"What is that?" she asked, simply.
The man's jaw dropped and his eyes opened in astonishment. Here was a density of ignorance in regard to the ordinary affairs of the Post which could by no stretch of the imagination be ascribed to chance. If Virginia Albret did not know the meaning of the term, and all the tragic consequences it entailed, there could be but one conclusion: Galen Albret had not intended that she should know. She had purposely been left in ignorance, and a politic man would hesitate long before daring to enlighten her. The Reverend Crane, in sheer terror, became sullen.
"A Free Trader is a man who trades in opposition to the Company," said he, cautiously.
"What great danger is he in?" the girl persisted with her catechism.
"None that I am aware of," replied Crane, suavely. "He is a very ill-balanced and excitable young man."
Virginia's quick instincts recognized again the same barrier which, with the people, with Wishkobun, with her father, had shut her so effectively from the truth. Her power of femininity and position had to give way before the man's fear for himself and of Galen Albret's unexpressed wish. She asked a few more questions, received a few more evasive replies, and left the little clergyman to recover as best he might from a very trying evening.
Out in the night the girl hesitated in two minds as to what to do next. She was excited, and resolved to finish the affair, but she could not bring her courage to the point of questioning her father. That the stranger was in antagonism to the Company, that he believed himself to be in danger on that account, that he wanted succor, she saw clearly enough. But the whole affair was vague, disquieting. She wanted to see it plainly, know its reasons. And beneath her excitement she recognized, with a catch of the breath, that she was afraid for him.

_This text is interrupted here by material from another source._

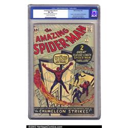 The Amazing Spider-Man #1 (Marvel, 1963) CGC VF+ 8.5 Cream to off-white pages. This is quintessential Spider-Man by co-creator Steve Ditko, the book that kicked off the most popular series of the Silver Age. A nice high-grade example that appears every bit as nice as some of the NM- 9.2 copies we've seen. With no "Marvel chipping" present, a perfect spine, deep colors and a clean back cover, this one should please even the most picky graders. Overstreet 2002 VF 8.0 value = $8,800; NM 9.4 value = $28,000. Important notice: We expect to be auctioning lots at the rate of 200-250 per hour. Sometimes eBay Premier live bid software cannot keep up with that pace, so we strongly recommend that you place a realistic proxy bid now as insurance to avoid disappointment. Also please note that all Heritage/CAA lots purchased through eBay Premier carry a 20% Buyer's Premium. Please make sure you read the Terms and Conditions.
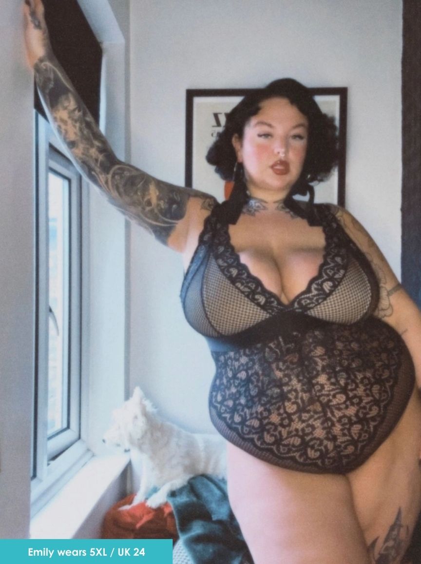 Woman wearing a black lace bodysuit against a plain background

She had not time now to ask herself what it might mean; she only realized the presence of the fact.
She turned instinctively in the direction of Doctor Cockburn's house. Mrs. Cockburn was a plain little middle-aged woman with parted gray hair and sweet, faded eyes. In the life of the place she was a nonentity, and her tastes were homely and commonplace, but Virginia liked her.

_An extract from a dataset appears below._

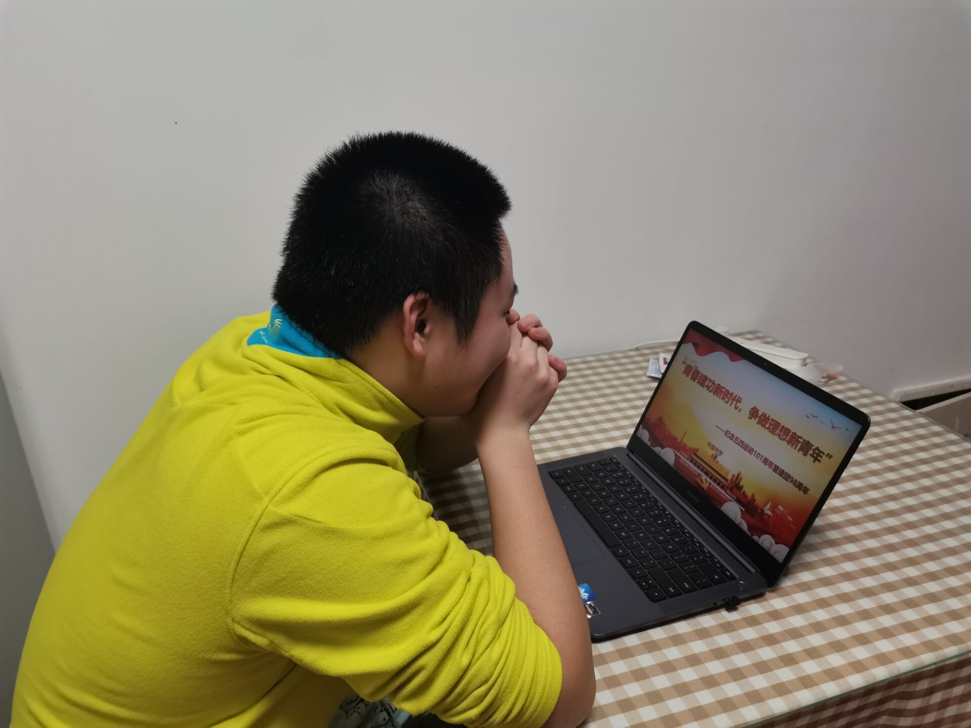 陈越同学分享道:“每个青年都应当珍惜这个伟大的时代,珍惜当下的资源和条件,在这个时代努力奋进,疫情永远阻隔不了对知识的向往。青年自五四运动以来一直以自己的敏锐与热血推动历史进步。青年人应担负起历史重任,让五四精神放射出更加夺目的时代光芒。”

She proved to be at home, the Doctor still at his dispensary, which was well. Virginia entered a small log room, passed through it immediately to a larger papered room, and sat down in a musty red armchair. The building was one of the old regime, which meant that its floor was of wide and rather uneven painted boards, its ceiling low, its windows small, and its general lines of an irregular and sagging rule-of-thumb tendency. The white wall-paper evidently concealed squared logs. The present inhabitants, being possessed at once of rather homely tastes and limited facilities, had over-furnished the place with an infinitude of little things—little rugs, little tables, little knit doilies, little racks of photographs, little china ornaments, little spidery what-nots, and shelves for books.
Virginia seated herself, and went directly to the topic.